#### [Exercise]
The copy has to match the data exactly and leave out every picture.

[[ Source material, beginning ]]

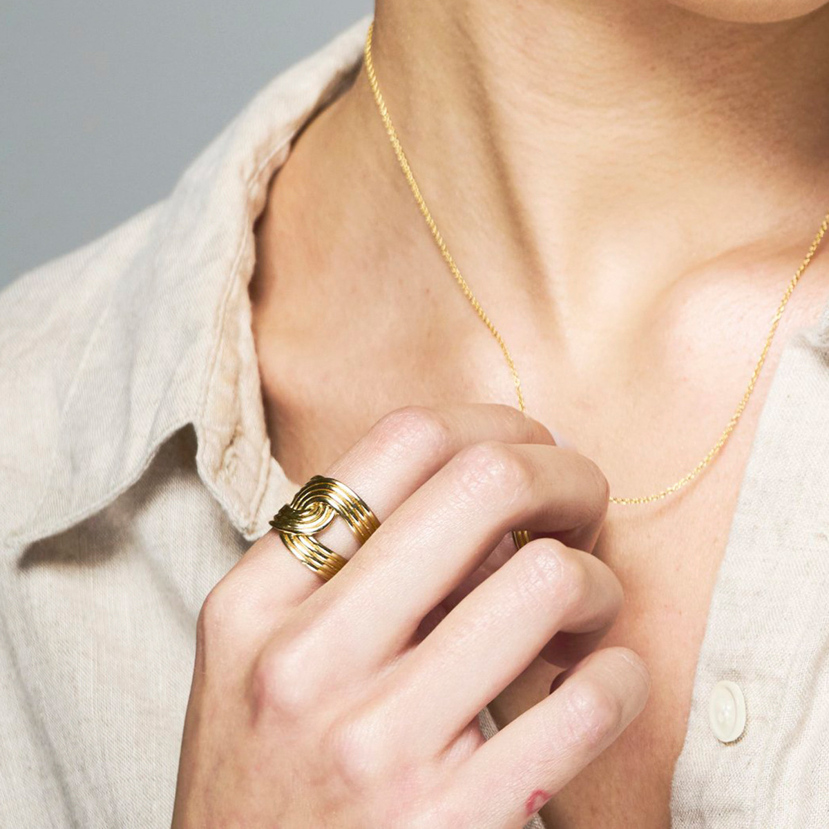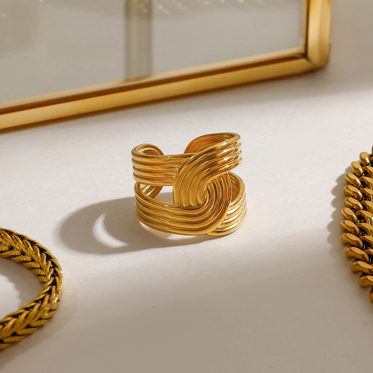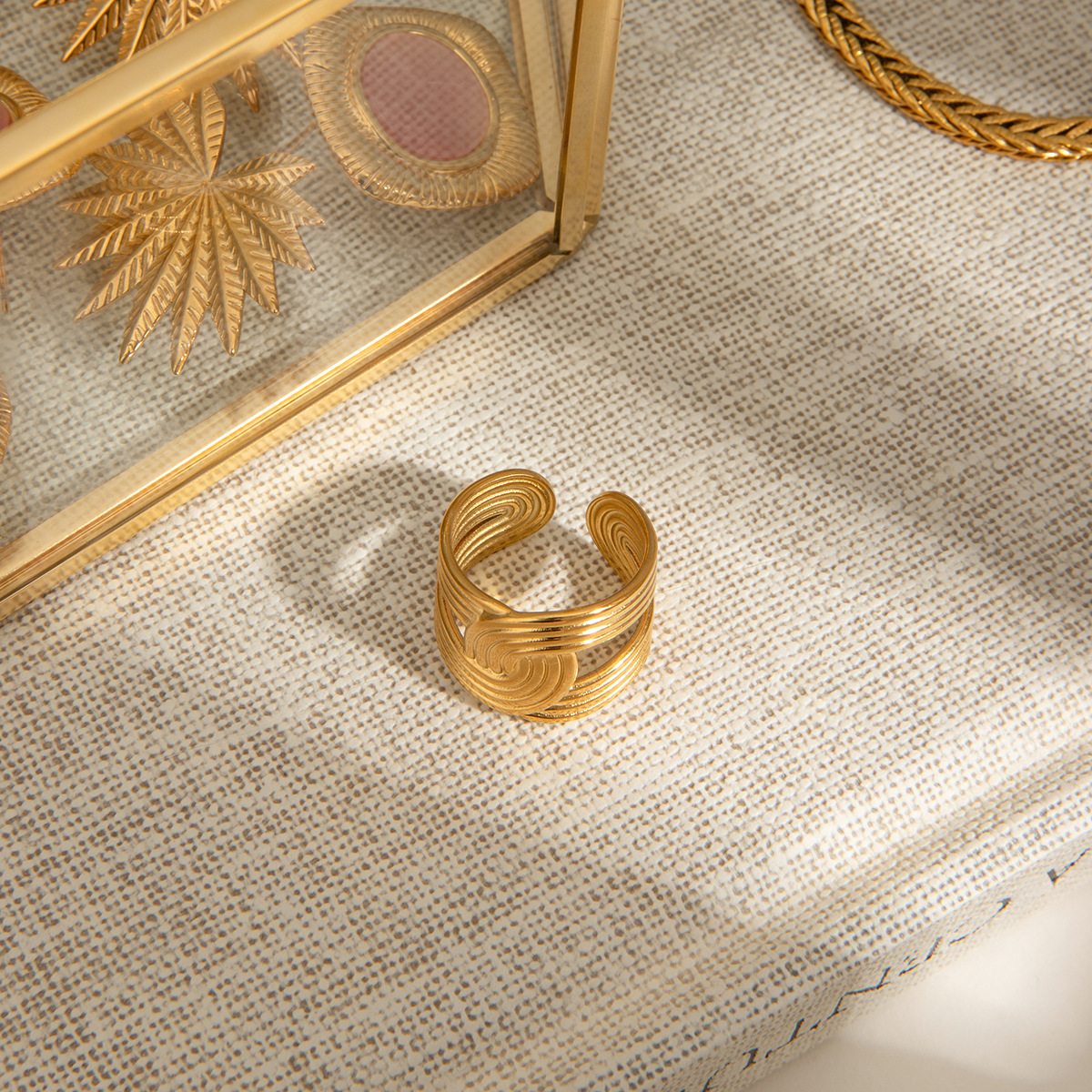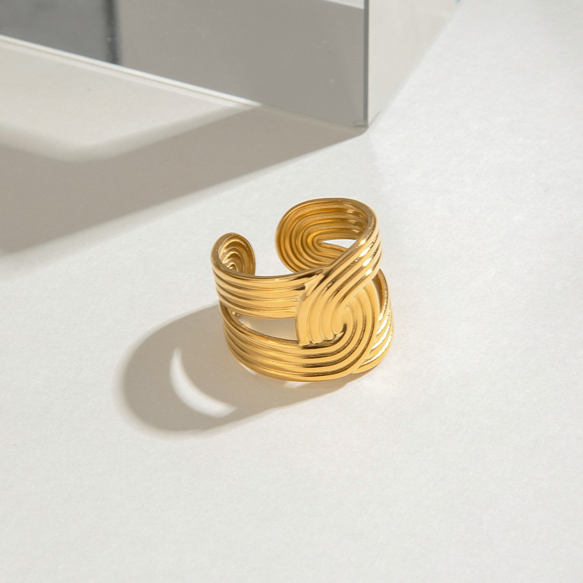 Vinger Ring in edelstaal, 304 roestvrij staal, plated, mode sieraden & voor vrouw & hol, gouden, Verkocht door PC
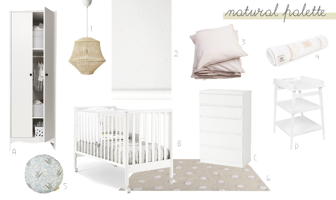 Per una cameretta nei toni naturali, scegli accessori beige, lampade in rattan e decorazioni in nuance. [1] lampada a sospensione Industriell di Ikea (29,99€), [2] carta da parati con stelle di Nobodinoz (56€ al rotolo), [3] tessile letto Dreamy di Fabelab (40€), [4] materassino in cotone per fasciatoio Nomad Bubble di Nobodinoz (19€), [5] cuscino rotondo Koala di Blossom Paris (34€) e [6] tappeto lavabile a pois di Lorena Canals (139€).
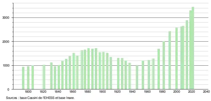 L'évolution du nombre d'habitants est connue à travers les recensements de la population effectués dans la commune depuis 1793. Pour les communes de moins de 10 000 habitants, une enquête de recensement portant sur toute la population est réalisée tous les cinq ans, les populations légales des années intermédiaires étant quant à elles estimées par interpolation ou extrapolation[28]. Pour la commune, le premier recensement exhaustif entrant dans le cadre du nouveau dispositif a été réalisé en 2008[29].
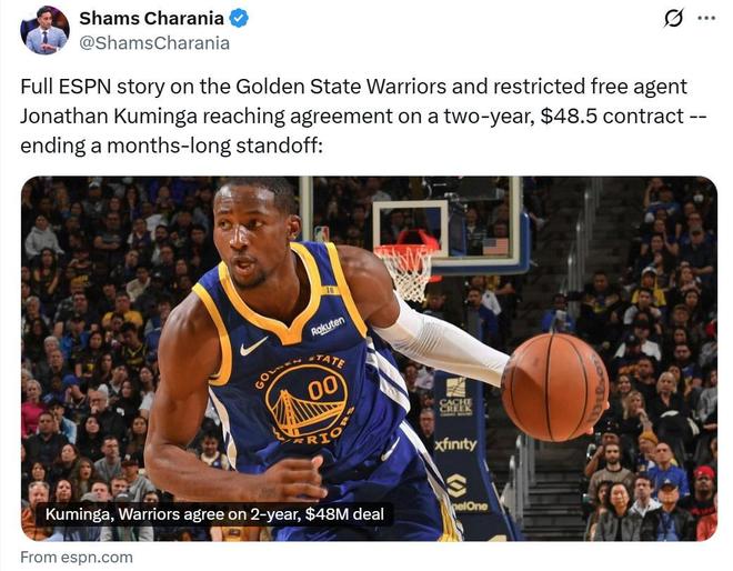 根據(jù)ESPN名記Shams報(bào)道,經(jīng)過整個(gè)休賽期的拉扯,勇士隊(duì)終于與庫明加完成續(xù)約。

[[ Source material, end ]]

#### [Expected answer]
 Vinger Ring in edelstaal, 304 roestvrij staal, plated, mode sieraden & voor vrouw & hol, gouden, Verkocht door PC
 Per una cameretta nei toni naturali, scegli accessori beige, lampade in rattan e decorazioni in nuance. [1] lampada a sospensione Industriell di Ikea (29,99€), [2] carta da parati con stelle di Nobodinoz (56€ al rotolo), [3] tessile letto Dreamy di Fabelab (40€), [4] materassino in cotone per fasciatoio Nomad Bubble di Nobodinoz (19€), [5] cuscino rotondo Koala di Blossom Paris (34€) e [6] tappeto lavabile a pois di Lorena Canals (139€).
 L'évolution du nombre d'habitants est connue à travers les recensements de la population effectués dans la commune depuis 1793. Pour les communes de moins de 10 000 habitants, une enquête de recensement portant sur toute la population est réalisée tous les cinq ans, les populations légales des années intermédiaires étant quant à elles estimées par interpolation ou extrapolation[28]. Pour la commune, le premier recensement exhaustif entrant dans le cadre du nouveau dispositif a été réalisé en 2008[29].
 根據(jù)ESPN名記Shams報(bào)道,經(jīng)過整個(gè)休賽期的拉扯,勇士隊(duì)終于與庫明加完成續(xù)約。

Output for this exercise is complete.